"Ирина Карнаухова. Наши собственные " - читать интересную книгу автора

двухэтажный дом. Трудно даже сказать, бревенчатый он или стеклянный,- так
много в нем окон и террас. Дом еще не совсем готов, еще не покрашен, и,
видимо, свет ему дает тот движок, который пыхтит в сарае.
Сейчас здравница еще не открыта на лето, ребята и педагоги должны
приехать только через несколько дней. Но кое-кто уже собрался. Трудно ведь
рассчитать точно время, когда ехать приходится издалека. Иногда не
совпадают поезда, иногда пароход посидит на мели лишних два часа - мало ли
что случается!
Давай-ка заглянем в щелку забора и посмотрим, что там происходит.
Вон под окошком подтянутый, сухонький старичок, в свежей рубашке с
галстуком и в блестящих сапогах, чистый-чистый, как будто только что из
бани,- это завхоз здравницы, Василий Игнатьевич. У него борода лопаткой,
седые волосы густым ежиком, а глаза подслеповатые: дают себя знать
шестьдесят пять лет. Он держит маленькую детскую лопаточку и сыплет из
ящика чернозем в ямку, в которой торчит какое-то хилое растеньице. Неумело,
двумя пальцами поддерживает стебелек Муся - самая младшая обитательница
здравницы. Ну, что можно сказать про Мусю? Семь лет, веселые глаза, и руки
и ноги, которые непрерывно движутся,- кажется, что у нее не четыре
конечности, а по меньшей мере - шестнадцать. Что они там сажают, этот
старичок и девочка? Я боюсь тебе сказать. Конец июня, думается, уже все
должно быть посажено. Но, кто их знает, может, они мичуринцы, а мичуринцы
могут сажать что угодно и когда угодно,- для них закон не писан, они его
сами создают.
А вот на крыше террасы развалясь лежит рыжеватый мальчик. Он нежится
на солнце, лениво переворачиваясь с боку на бок. Губы у него сложены в
презрительную усмешечку, он поглядывает вниз и изредка покрикивает:
- Василий Игнатьевич, больше сыпьте чернозему! Муся! Левей, левей,
тебе говорят, тетёха!
Ты думаешь,- он знатный садовод? Может быть, даже побывал на слете
юннатов? Ничего похожего. Из всего растительного мира Леша лучше всего
знает капустные кочерыжки, и то когда они уже хорошо вымыты и ошпарены
кипятком.
А вон за домом, около погреба, еще два мальчика. Они что-то
взбалтывают в стеклянной банке, зажигают спички, разглядывают жидкость на
свет. У старшего вид сосредоточенный и глубокомысленный, а другой не такой
ученой внешности, смотрит с уважением на него и со страхом - на банку.

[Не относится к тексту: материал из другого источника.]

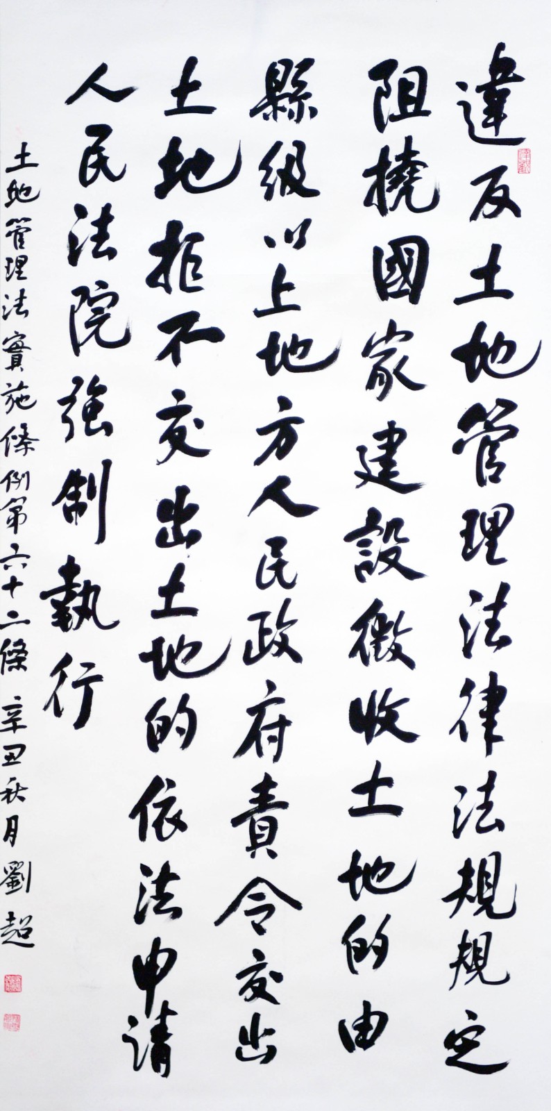 繼1600余位書法家參與書寫《中華人民共和國民法典》全部1260條法條之后,法治日報社聯(lián)合自然資源部法規(guī)司、自然資源部書畫研究會和北京昌平書法家協(xié)會,將筆端對準(zhǔn)土地管理“一法一條例”,即《中華人民共和國土地管理法》和《中華人民共和國土地管理法實施條例》。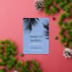 Einfache, moderne Einladung zur Hochzeit mit Palmenblättern. Anpassbar mit anderen gewünschten Farben, kontaktieren Sie Designer mit Anfragen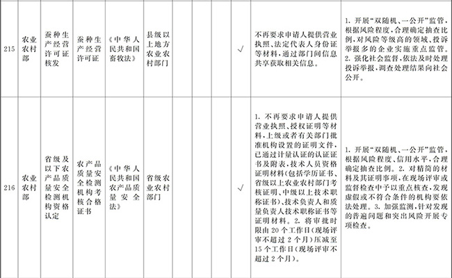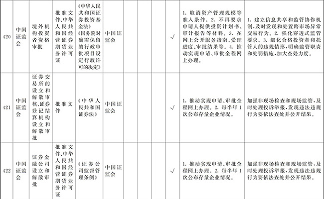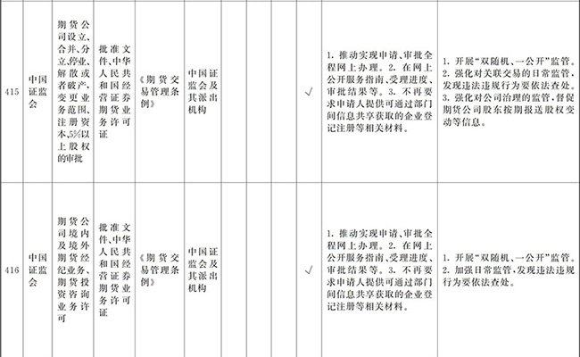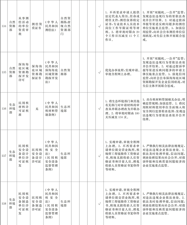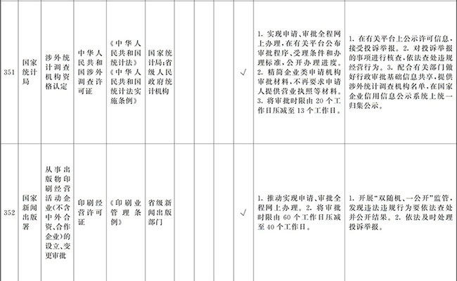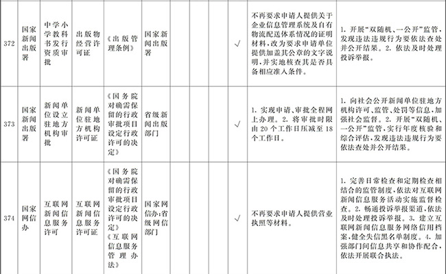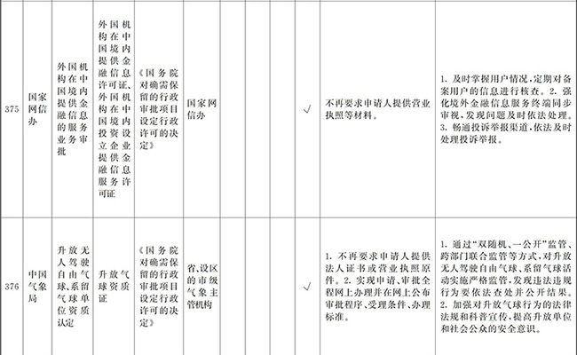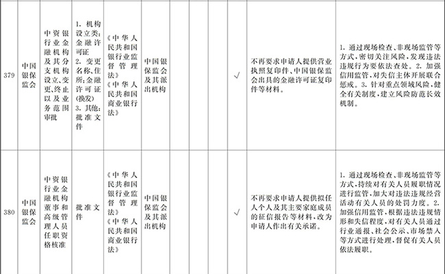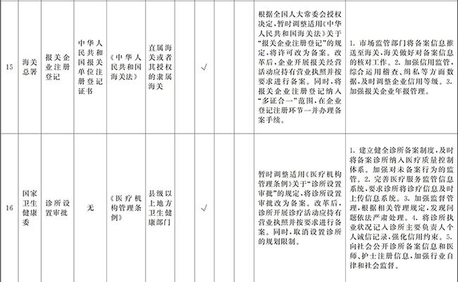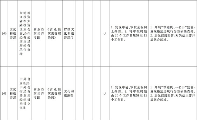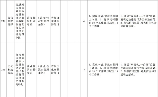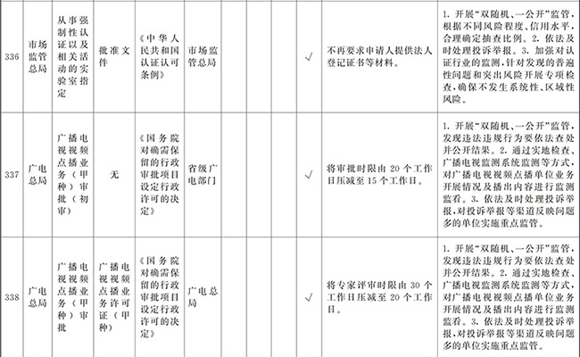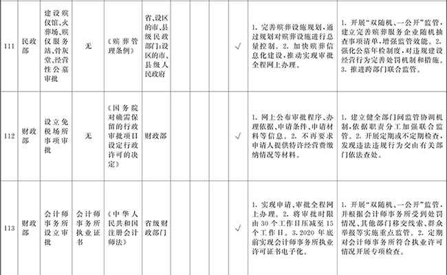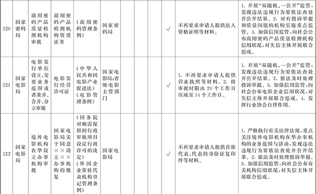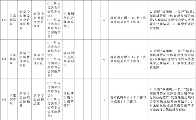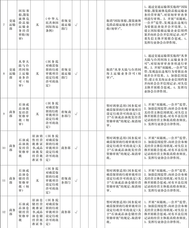 ?。ㄒ唬┲苯尤∠麑徟υO定必要性已不存在、市場機制能夠有效調節(jié)、行業(yè)組織或中介機構能夠有效實現(xiàn)行業(yè)自律管理、通過事中事后監(jiān)管能夠有效規(guī)范的涉企經營許可事項,直接取消審批。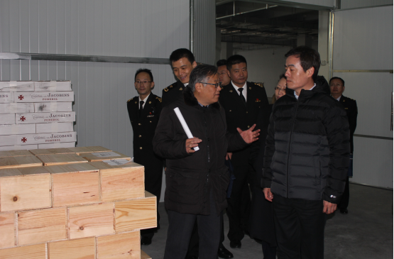 副省長田錦塵一行實地視察了青海曹家堡保稅物流中心卡口、保稅倉庫進口葡萄酒恒溫庫、辦事大廳、視頻監控中心等基礎設施建設情況。期間,省物產集團總經理、臨空開投公司董事長王玉輝向田錦塵副省長一行詳細匯報了青海曹家堡保稅物流中心項目規劃建設、項目驗收、封關運營、業務模式等基本情況。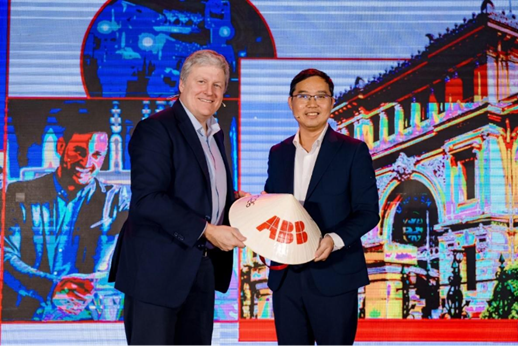 | Craig McDonell, Giám đốc Điều hành Khối Công nghiệp, ABB Robotics, và Khang Trần, Giám đốc ABB Robotics Việt Nam, cùng tôn vinh bản sắc địa phương và tinh thần hợp tác toàn cầu với chiếc nón lá truyền thống của Việt Nam. |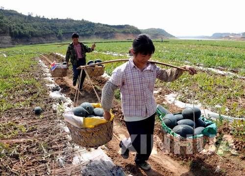 4月23日,百色市右江區永樂鄉瓜農盧斌雄夫婦挑運收獲的西瓜。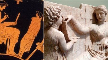 هذا التمثال الإغريقي المعروف أثرياً باسم Oracle of Delphi هو شاهد قبر جنائزي الطراز وقديم جداً، عمره أكثر من 2100 عام، لكن موحياته عصرية بامتياز، فمن يلقي عليه أول نظرة سريعة، قد يرى أن الخادمة البادية كطفلة في الجدارية تعرض على سيدتها لوحاً يشبه "لابتوب" مزوداً بمثقبين، كأي "لابتوب" معروض في محلات القرن الواحد والعشرين.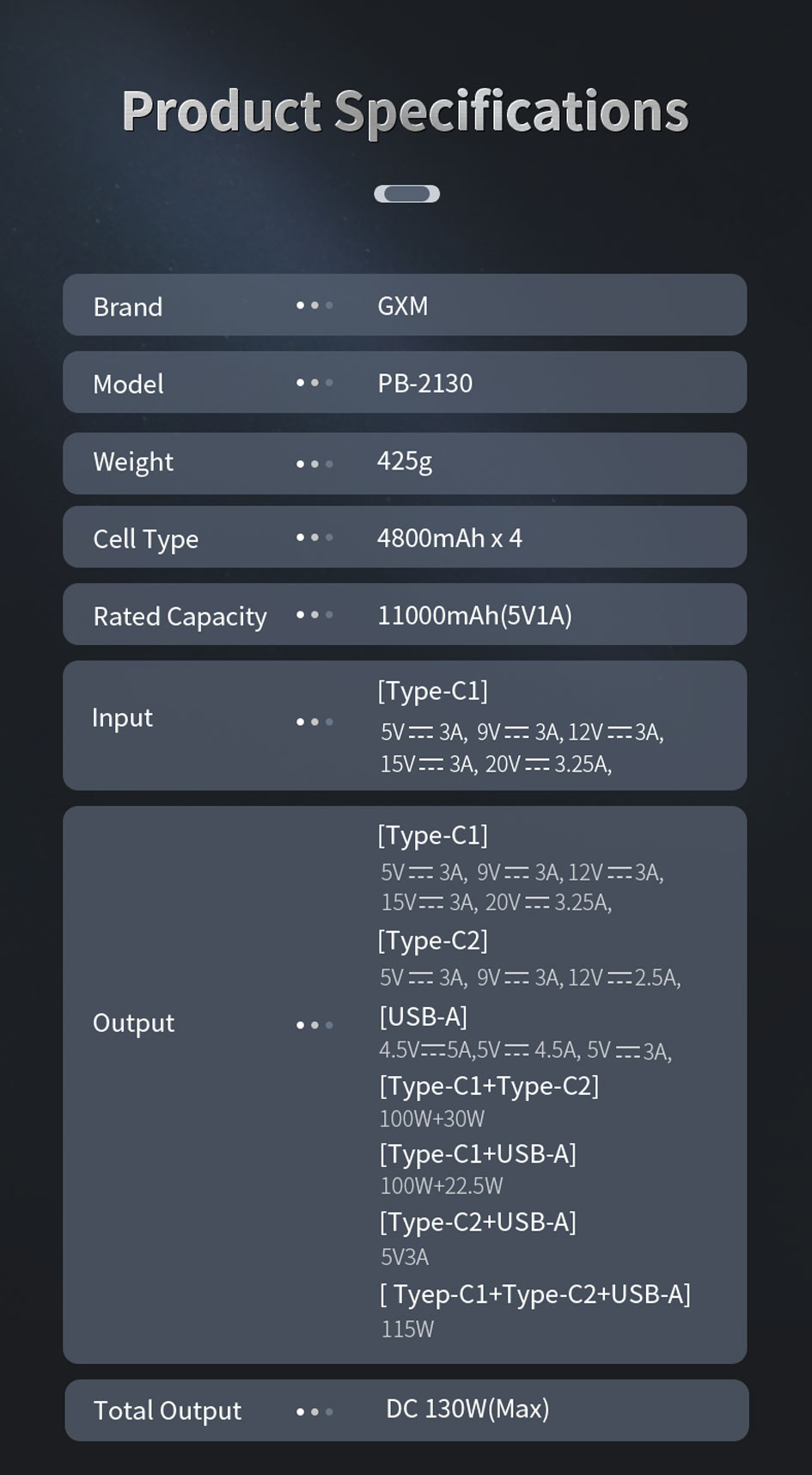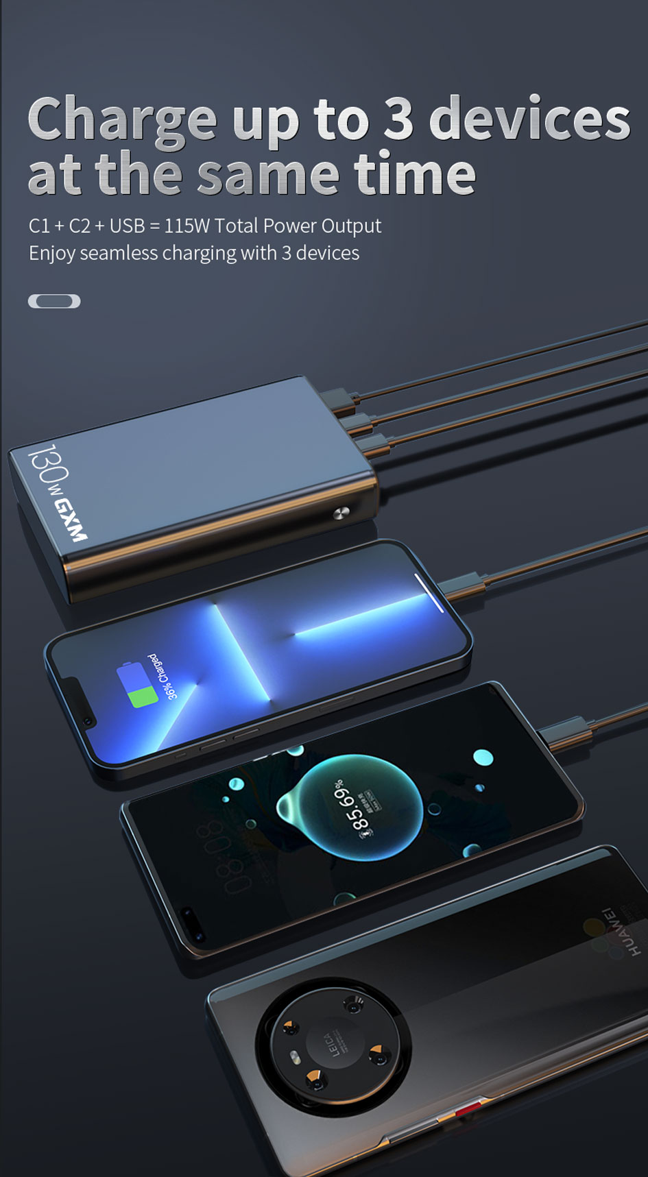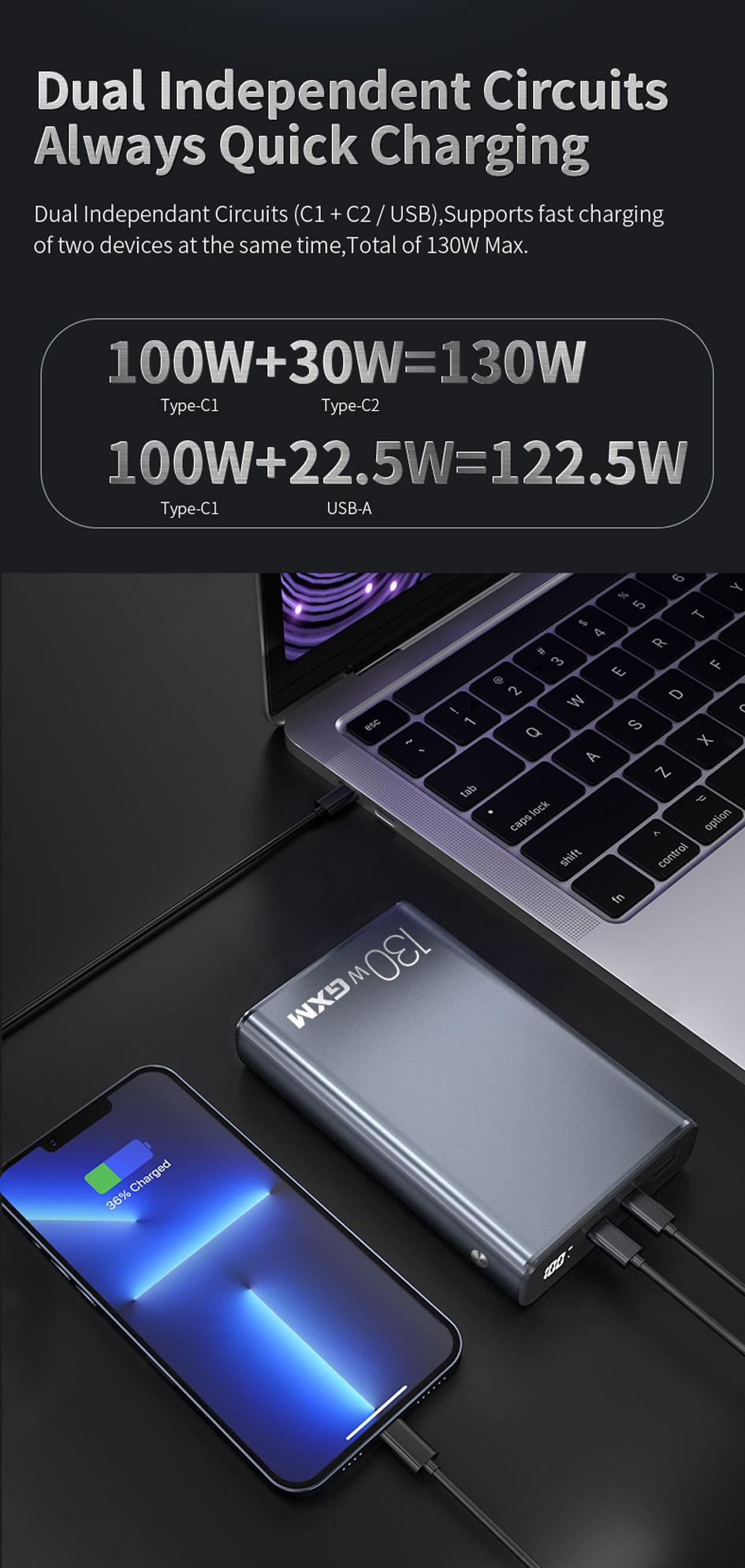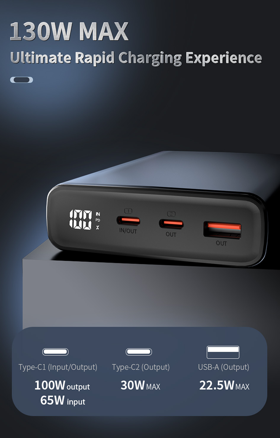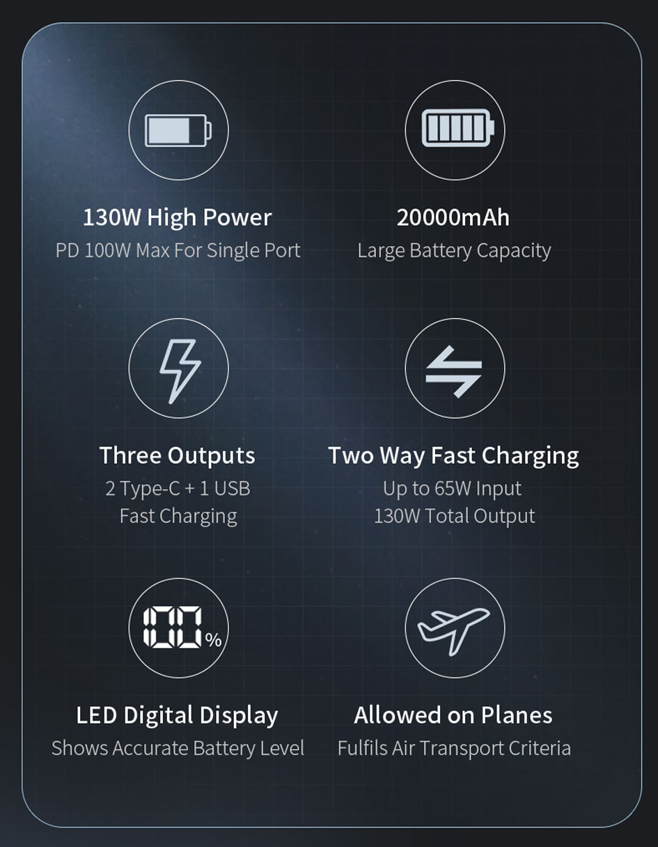 • Two-way Fast Charging: 130W Total Output | Up To 65W Input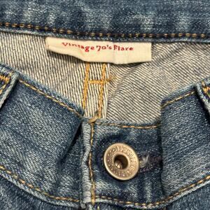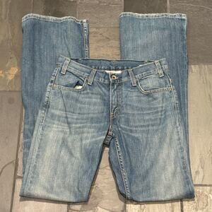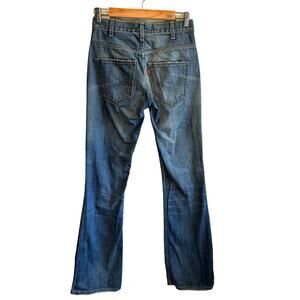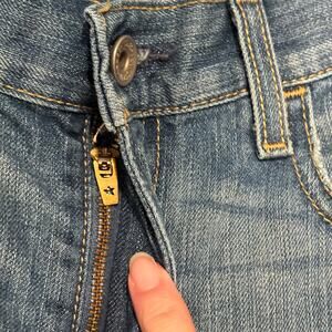Front zip and button closure. Medium wash with slight whiskering, fading and distressing.

Вдруг в баночке что-то зашипело, жидкость выплескивается - и белая рубашка
мальчика, увы! становится пятнистой. Зрелище плачевное, но знакомое! Это
Юра - юный математик, Юматик, как прозвали его ребята.
А второй - это Пинька, верный Санчо-Пансо, трезвый и рассудительный,
но (ничего не поделаешь!) увлеченный вечными фантазиями своего друга.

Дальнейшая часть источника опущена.